Schwimmer now under threat of arrest was forced to flee. He took a commercial flight to Rome and then on to Zatec. From there he flew on the airlift he was instrumental in creating, to Israel where he became director of maintenance and engineering of the Israeli Air Force.

In the fall of 1949, Schwimmer went back to the United States and was immediately charged with violating the Neutrality Act by shipping aircraft and engines to an embargoed Middle Eastern Nation. Schwimmer and three associates were found guilty. The government argued for prison sentences but a lenient judge fined each $10,000 with no jail time. The fines were paid by the Haganah. As a convicted felon, Schwimmer was stripped of his civil rights and could never vote again in a U.S. election.
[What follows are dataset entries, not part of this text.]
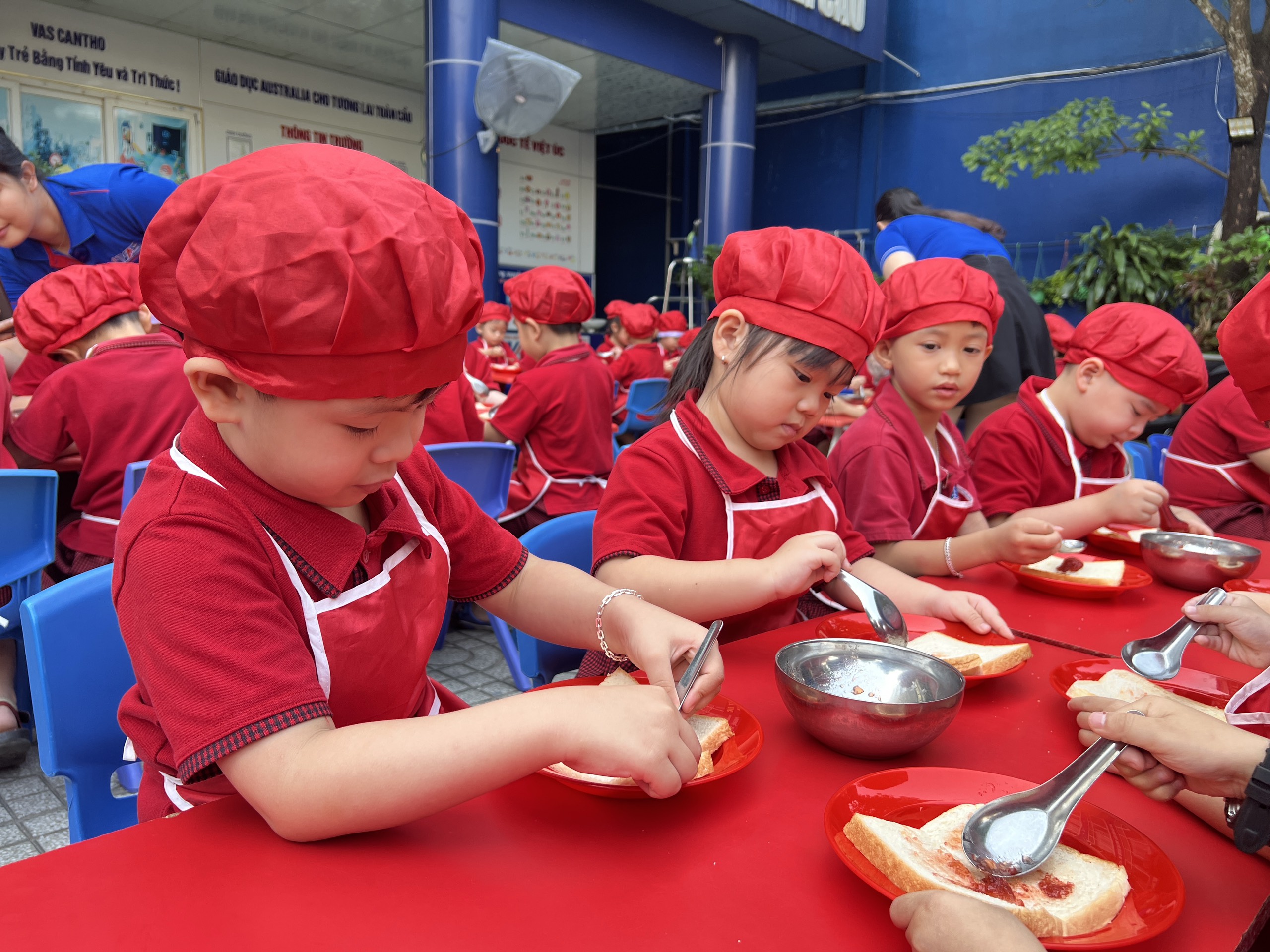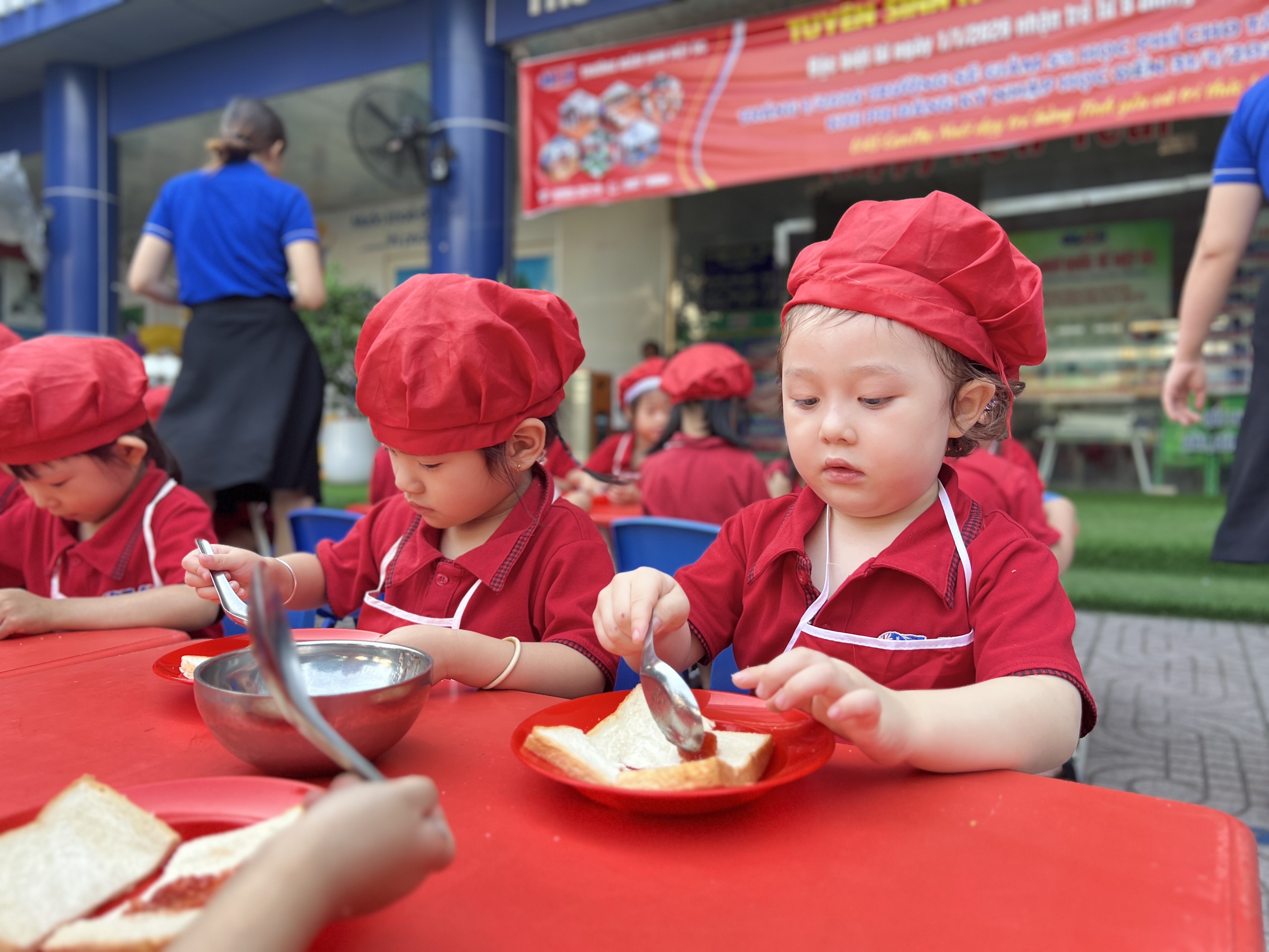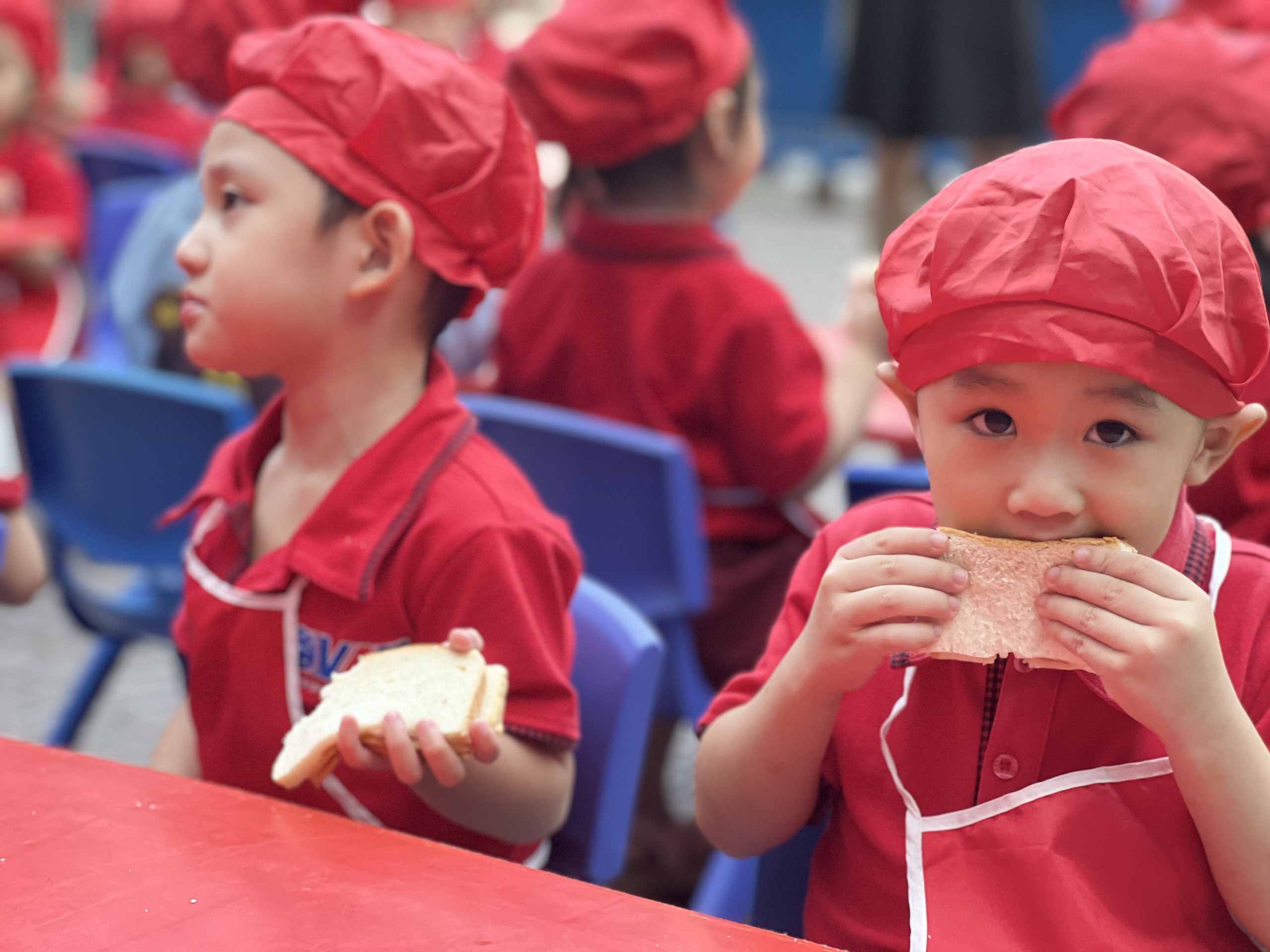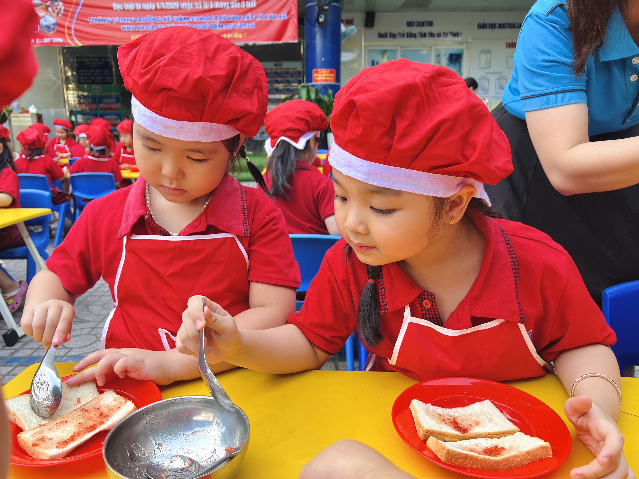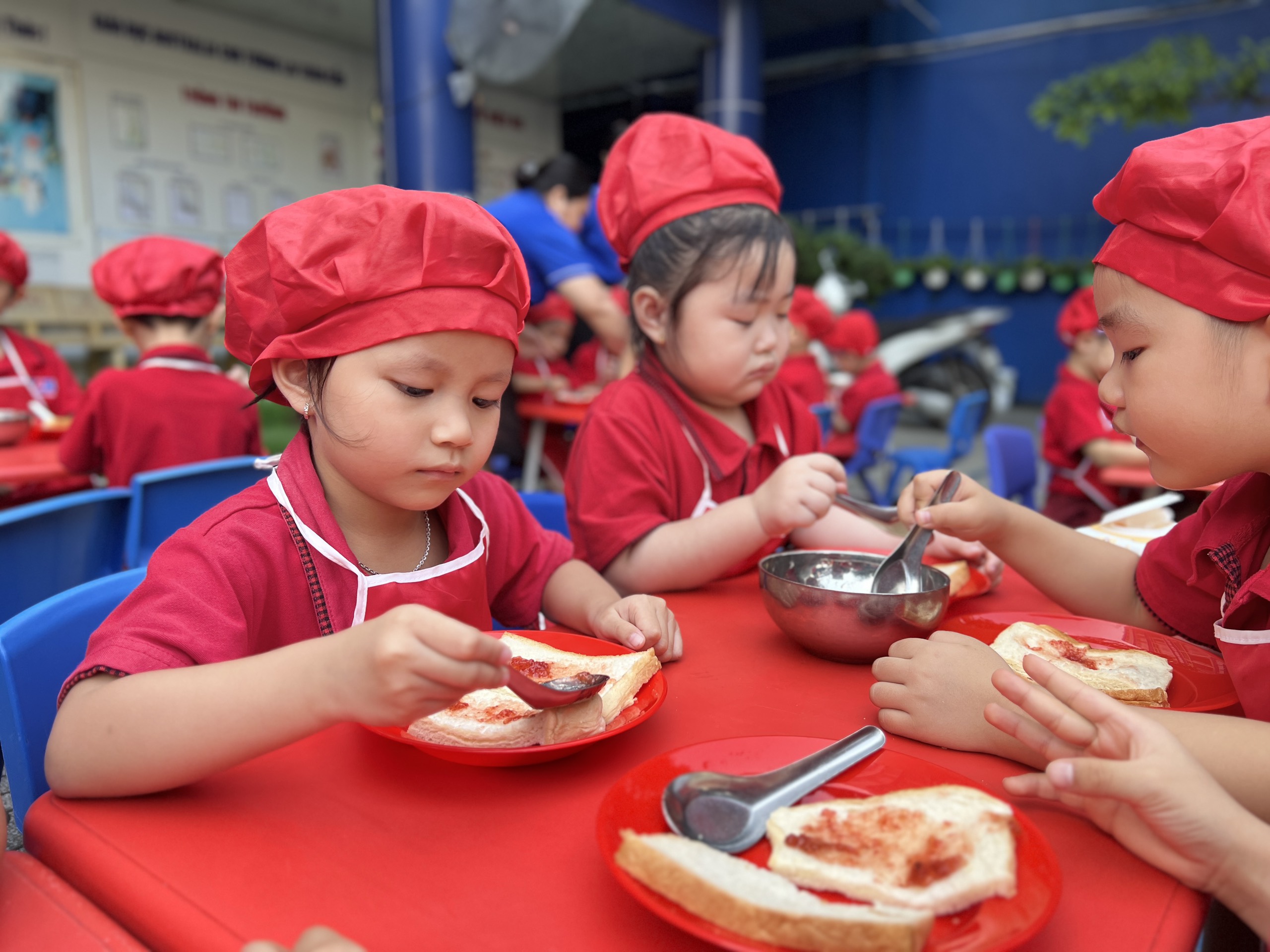 Một buổi trải nghiệm vô cùng thú vị với hoạt động làm bánh mì sandwich phết mứt dâu của các đầu bếp nhí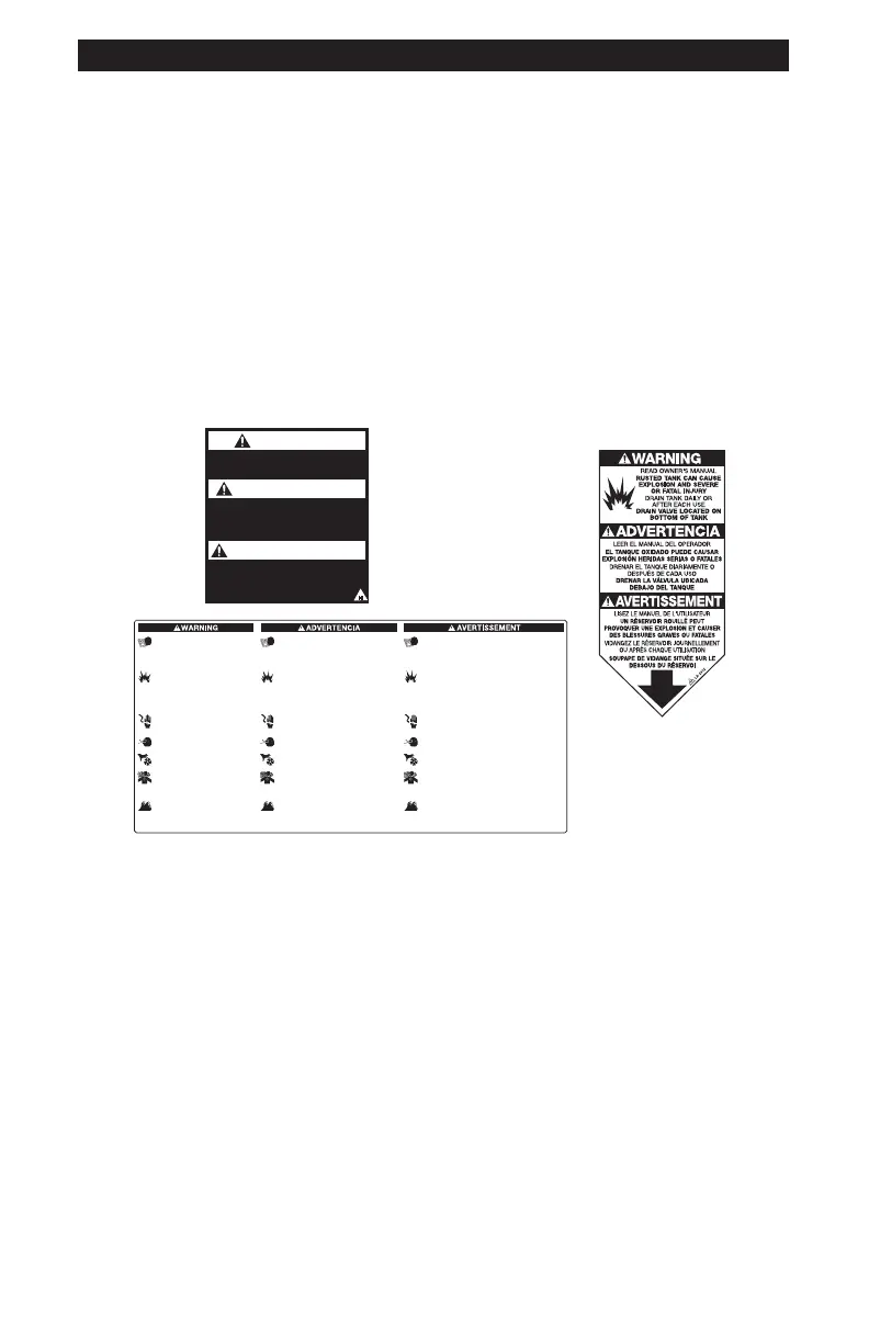 RISK OF FIRE OR EXPLOSION. AIR COMPRESSORS PRODUCE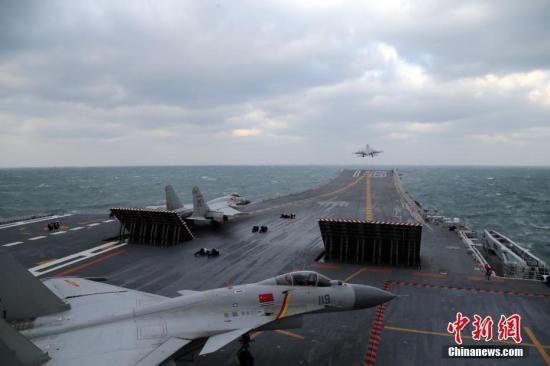 资料图:2016年12月23日,在黄海某海空域,多批次歼-15舰载战斗机从辽宁舰飞行甲板起飞升空,开展了空中加受油、空中对抗等多项训练任务。 中新社发 莫小亮 摄中新社南海某海域1月2日电 (莫小亮)执行跨海区训练试验任务的中国海军航母编队2日在南海某海域组织了歼-15舰载战斗机起降和编队等多科目训练。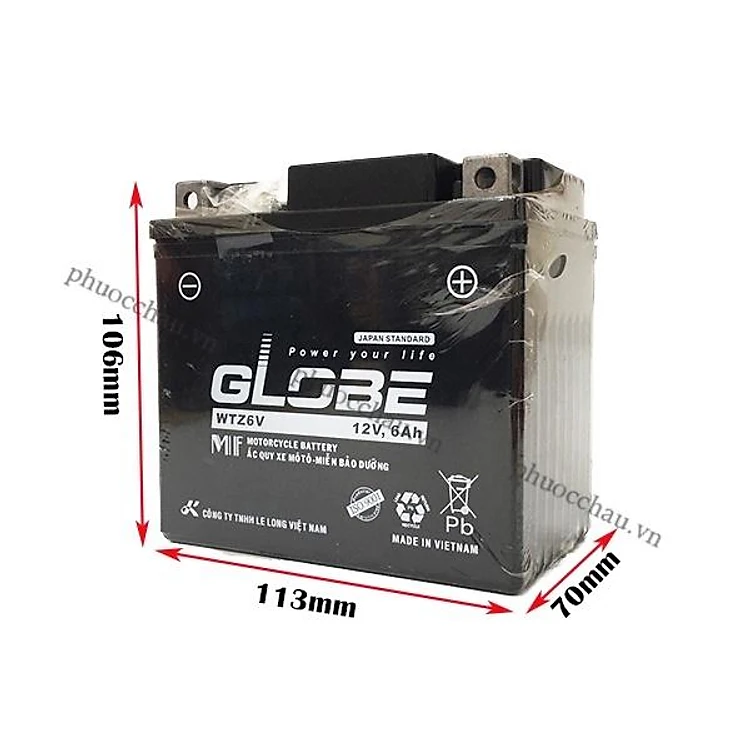 Bình Ắc Quy Khô Xe Máy GLOBE WTZ6V 12V6AH dùng cho NOZZA, AirBlade, SH MODE, SH Việt Nam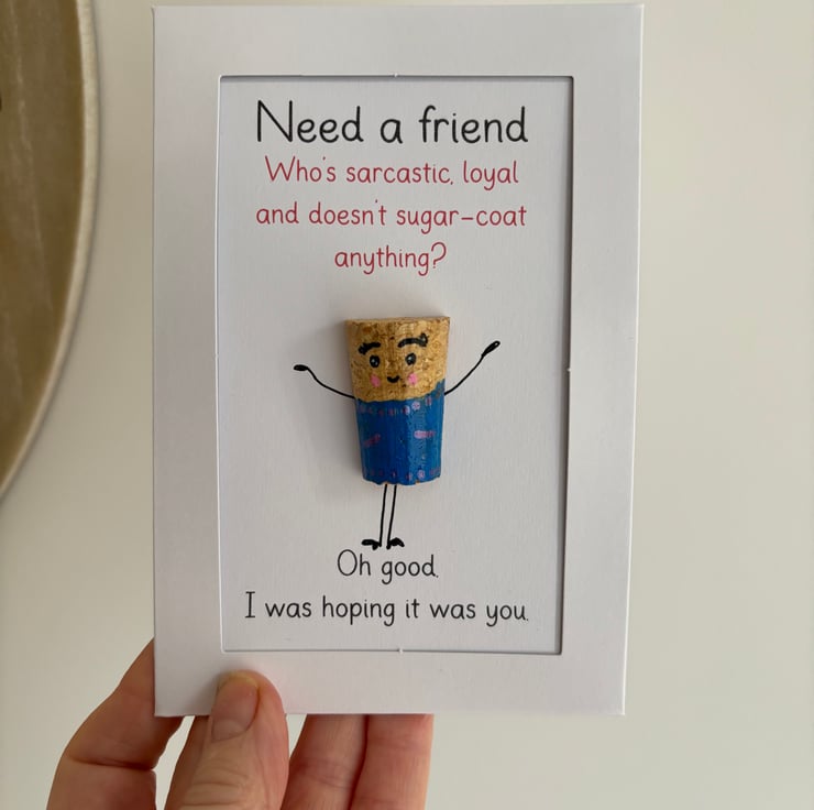 I love creating cork characters with big personalities and expressive faces. Each cork is carefully hand-painted and finished individually, meaning no two cards are ever exactly the same.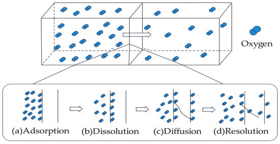 Regarding food preservation, oxygen concentration has a notable impact on food quality, which may induce oxidation, browning, and rancidity. Therefore, maintaining a hypoxic condition helps to extend the shelf life of food. Theoretical research shows that the gas permeation process through membrane materials includes four steps: adsorption, dissolution, diffusion, and resolution [,]. The permeation process of oxygen is illustrated in Figure 5. Also, oxygen diffusion varies across different types of nanocellulose due to their unique morphological properties. According to Lu Wang et al. [], if CNCs are added as a filling material into another polymer matrix, its uniform and rigidly stratified structure will result in fewer gaps in films, increasing the porosity and making the gas diffusion more tortuous, as shown in Figure 6a. When CNF is incorporated with other polymers, its high aspect ratio will form a twist network structure, resulting in a more tortuous diffusion path, as shown in Figure 6b.
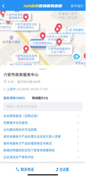 进入皖事通APP·六安站,点击“7x24小时政务服务地图”后进入地图模式,输入要办理的事项名称或要前往的场所地址。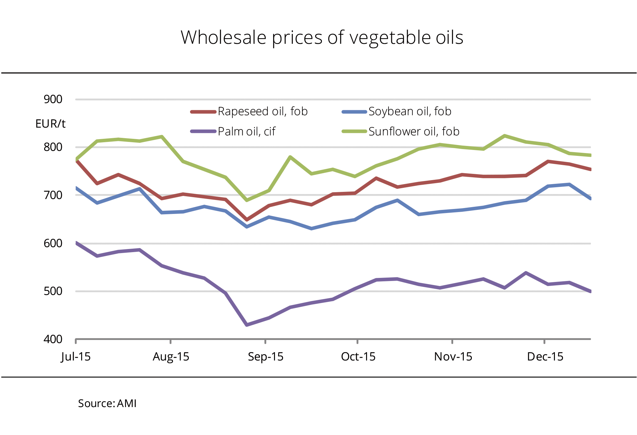 December 2015 trade in vegetable oils has been slow. Volatile futures market reference prices for crude oil, soybean oil and palm oil and strong fluctuations of currency dampen the mood and cause concerns among market participants, Agrarmarkt Informations-Gesellschaft mbH (AMI) reports. Demand is slack, especially because buyers are stocked up well into the new year. At the same time, supply is not abundant but adequate, considering the fact that buyer interest is small. Prices for rapeseed and soybean oils eased on weak feedstock reference prices in mid December 2015. Sunflower oil continues to be the most expensive vegetable oil. By contrast, palm oil prices are at a distant, very low level. Slow demand and Malayan supplies hitting a 15-year high put downward pressure on prices both in Kuala Lumpur and on the European cash market.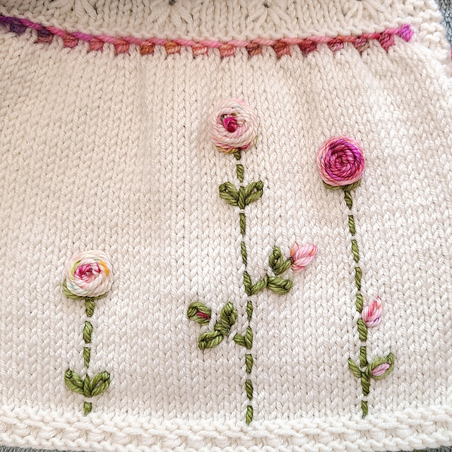 The pattern is called Alouette, designed by Lisa Chemery. She also designed Entrechat, my favorite sweater for baby girls and Elevenses, my favorite sweater for baby boys. I decided I needed to jazz this up if I wanted the blue ribbon, so I added the embroidered roses. I was very pleased to get the blue!

Israeli Prime Minister David Ben-Gurion came calling in 1951 with a personal request for Schwimmer to make Aliya and establish an aircraft maintenance and repair business in the fledgling State of Israel. Schwimmer returned to Israel, this time permanently, with a vision and the maintenance and repair company he founded grew during his tenure as president and CEO into “Israel Aircraft Industries” a global leader in military and civilian aircraft manufacture. The company constructed such aircraft as the vaunted Kfir multirole turbojet combat plane and the popular Westwind business jet. When Schwimmer retired in 1978, the company was the single largest industrial enterprise in the State of Israel employing over 13,000 workers.

Although he never asked for one because “you have to express regret for what you did and I didn’t feel that way” he said;  outgoing U.S. President Bill Clinton, in 2000, granted Schwimmer a pardon from his conviction for violating the Neutrality Act.

In his later years, Schwimmer focused his energy on a movement to give Israel its long delayed written constitution together with a bill of rights guaranteeing equality to all branches of Judaism, an unfulfilled dream. And at the age of 88, in 2006, Schwimmer founded the “Israel Leadership Institute” an educational foundation dedicated to nurturing future generations of Israeli and Jewish leaders based on Zionist values adapted to modern and changing times. The same year, he was awarded the Jewish State’s highest honour, the “Israel Prize” for his lifetime achievement and special contribution to society and the State.

Interestingly even though Schwimmer married a Sabra and has children and grandchildren, he never learned to speak Hebrew because he said he was “never very good with languages.”

There are critical moments in history when to act morally one may be called upon to ignore the letter of the law and for a just cause to choose to put one’s freedom at risk. Al Schwimmer understood this. Had it not been for Al Schwimmer’s choice, the State of Israel, at its birth, would have been without an effective air force and the outcome of her War of Independence may have been quite different.